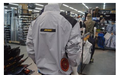
「熱中症対策になるファン付きウェア」
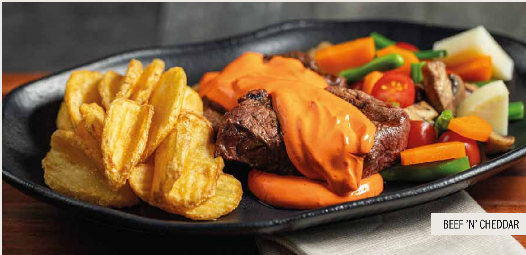
BEEF 'N' CHEDDAR

» MIX DE LEGUMES Salada composta de vagem, cenoura, palmito, cogumelos e tomate cereja.
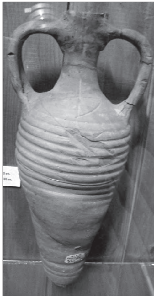
Візантійська амфора. Глина, гончарний круг, теракота. Із розкопок Новгород-Сіверського городища Чернігівської обл. XI—XII ст. Чернігівський обласний історичний музей ім. В. Тарновського. Експозиція

У XVIII ст. у зв'язку із поширенням фаянсових мануфактур в Україні простий неполив'яний посуд вживали переважно селяни і малозаможні прошарки міського населення. Більшим попитом нерідко користувалися привозні вироби, що відрізнялися від місцевих кращою якістю і багатством розписів. Ці умови примушували гончарів вдосконалювати ремісничу майстерність, так як від цього залежав їх добробут. Можливо, саме тому у XVIII ст. починають застосовувати веретенний ножний гончарний круг з рухомою віссю без шпидь, який протягом XIX ст. повністю витіснив так званий шленський (шпицевий). Асортимент виробів розширюється — з'являються вазони та носатки — посуд, який крім отвору для наливання рідини має ще додатковий для виливання.
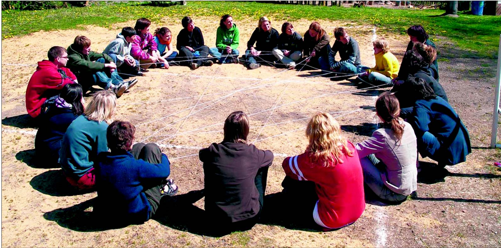
Kontakte knüpfen und Vorurteile den Nachbarn gegenüber abbauen: Dazu sollen die Angebote von Tandem beitragen.
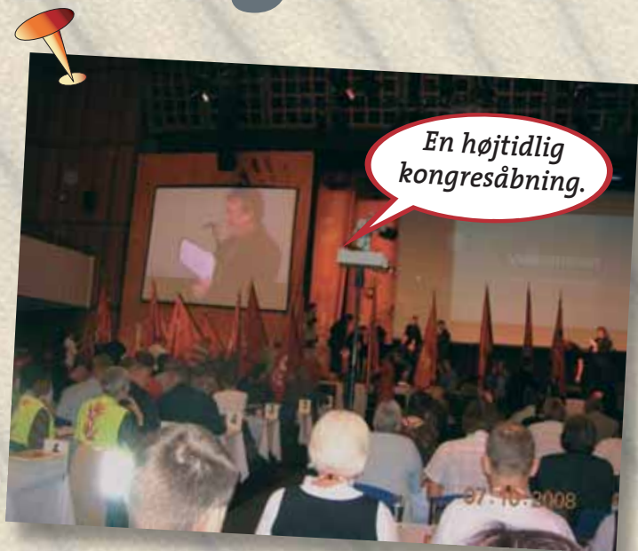
En højtidelig kongresåbning.
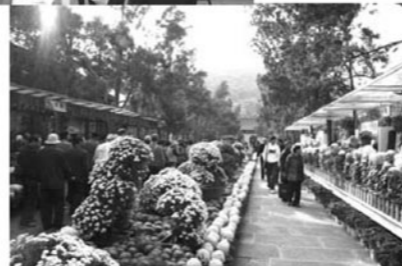
菊の花が美しい公園内
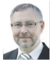
Evangelikus istentisztelet az M1-en
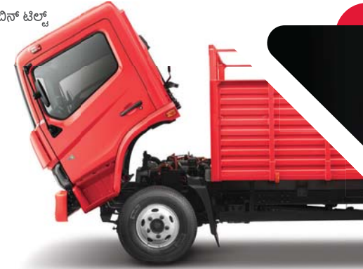
ಸುಲಭ ಕ್ಯಾಬಿನ್ ಟಿಲ್ಡ್
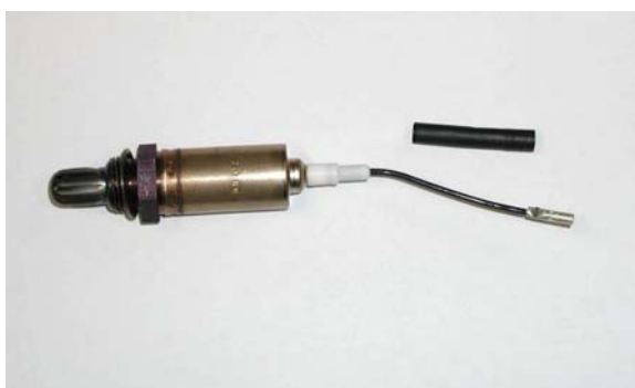
Универсальный лямбда-зонд без подогрева
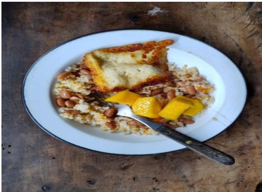
Figura 27: Soberania alimentar, as possibilidades do quintal de casa
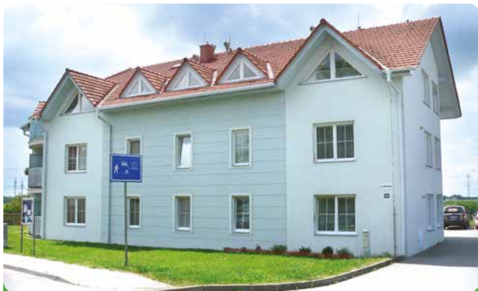
Naše bytové domy
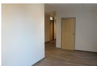
Flur auf der 1. Etage (vom Treppenhaus bzw. Aufzug zu den Zimmern)
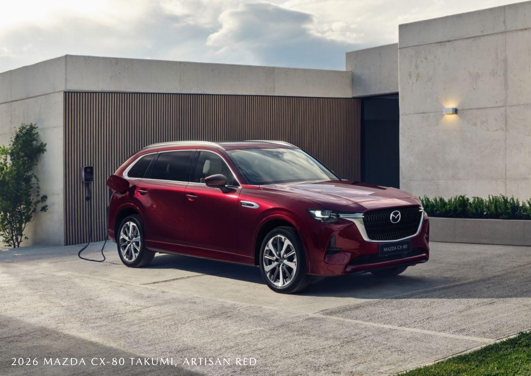
2026 MAZDA CX-80 TAKUMI, ARTISAN RED
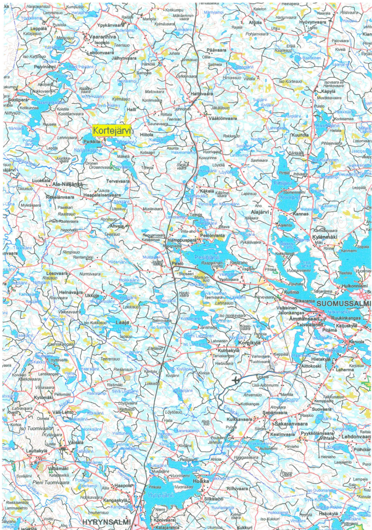
Kartta 1. Kopio Maanmittauslaitoksen avoimien aineistojen tiedostopalvelusta 27.8.2014 ladatusta kartasta UR5L_RVK. 1:250 000.
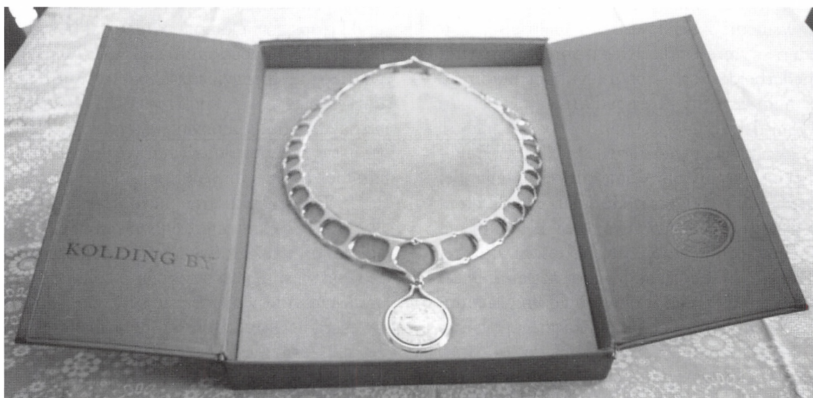
Her ses Koldingkæden udført af Hans Hansen Sølvsmedie og tegnet af Bent Gabrielsen, liggende i det fornemme gedeskindsetui fremstillet hos københavnerbøgbindermesteren Ole Olsen.

De i alt 26 led på kæden er formet som versal H'er, hvis ben er samlet med kædeøskner. Alle led er savet ud af udvalgte, ca. 2 mm tykke 14 karats guldplader. H'ets tværgående midterbjælke er udført med svaj, således at leddene samlet danner, hvad man nærmest kunne betegne som en række superelipser. På kædens smalleste steder (skulderpartierne) er bredden 2,6 cm, på rygmidten 3,2 cm og fortil, der hvor medaljen er ophængt, er bredden 4,0 cm. Den samlede kæde måler indvendig 29 cm i bredden og 30 cm i højden og er altså nærmest cirkulær, men
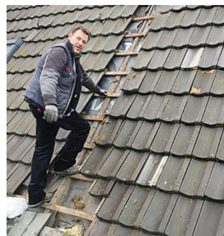
Auch das Dachgeschoss des „Baldushauses“ wurde ausgebaut.
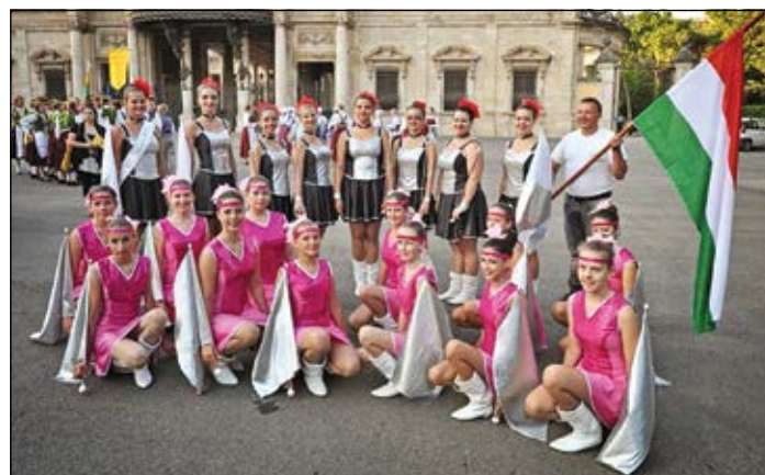
A sárvári mazsorettek az olaszországi összművészeti fesztiválon

Érkezésünkkor fáradtan, de annál lelkesebben pakolta ki mindenki csomagját a buszból,

━━━━━━

TRY IT: Copy only these lines from the records above, exactly: the one with "BEEF 'N' CHEDDAR", the one with "Универсальный лямбда-зонд без подогрева", and those between. Skip the pictures.

TASK SOLUTION:
BEEF 'N' CHEDDAR

» MIX DE LEGUMES Salada composta de vagem, cenoura, palmito, cogumelos e tomate cereja.
Візантійська амфора. Глина, гончарний круг, теракота. Із розкопок Новгород-Сіверського городища Чернігівської обл. XI—XII ст. Чернігівський обласний історичний музей ім. В. Тарновського. Експозиція

У XVIII ст. у зв'язку із поширенням фаянсових мануфактур в Україні простий неполив'яний посуд вживали переважно селяни і малозаможні прошарки міського населення. Більшим попитом нерідко користувалися привозні вироби, що відрізнялися від місцевих кращою якістю і багатством розписів. Ці умови примушували гончарів вдосконалювати ремісничу майстерність, так як від цього залежав їх добробут. Можливо, саме тому у XVIII ст. починають застосовувати веретенний ножний гончарний круг з рухомою віссю без шпидь, який протягом XIX ст. повністю витіснив так званий шленський (шпицевий). Асортимент виробів розширюється — з'являються вазони та носатки — посуд, який крім отвору для наливання рідини має ще додатковий для виливання.
Kontakte knüpfen und Vorurteile den Nachbarn gegenüber abbauen: Dazu sollen die Angebote von Tandem beitragen.
En højtidelig kongresåbning.
菊の花が美しい公園内
Evangelikus istentisztelet az M1-en
ಸುಲಭ ಕ್ಯಾಬಿನ್ ಟಿಲ್ಡ್
Универсальный лямбда-зонд без подогрева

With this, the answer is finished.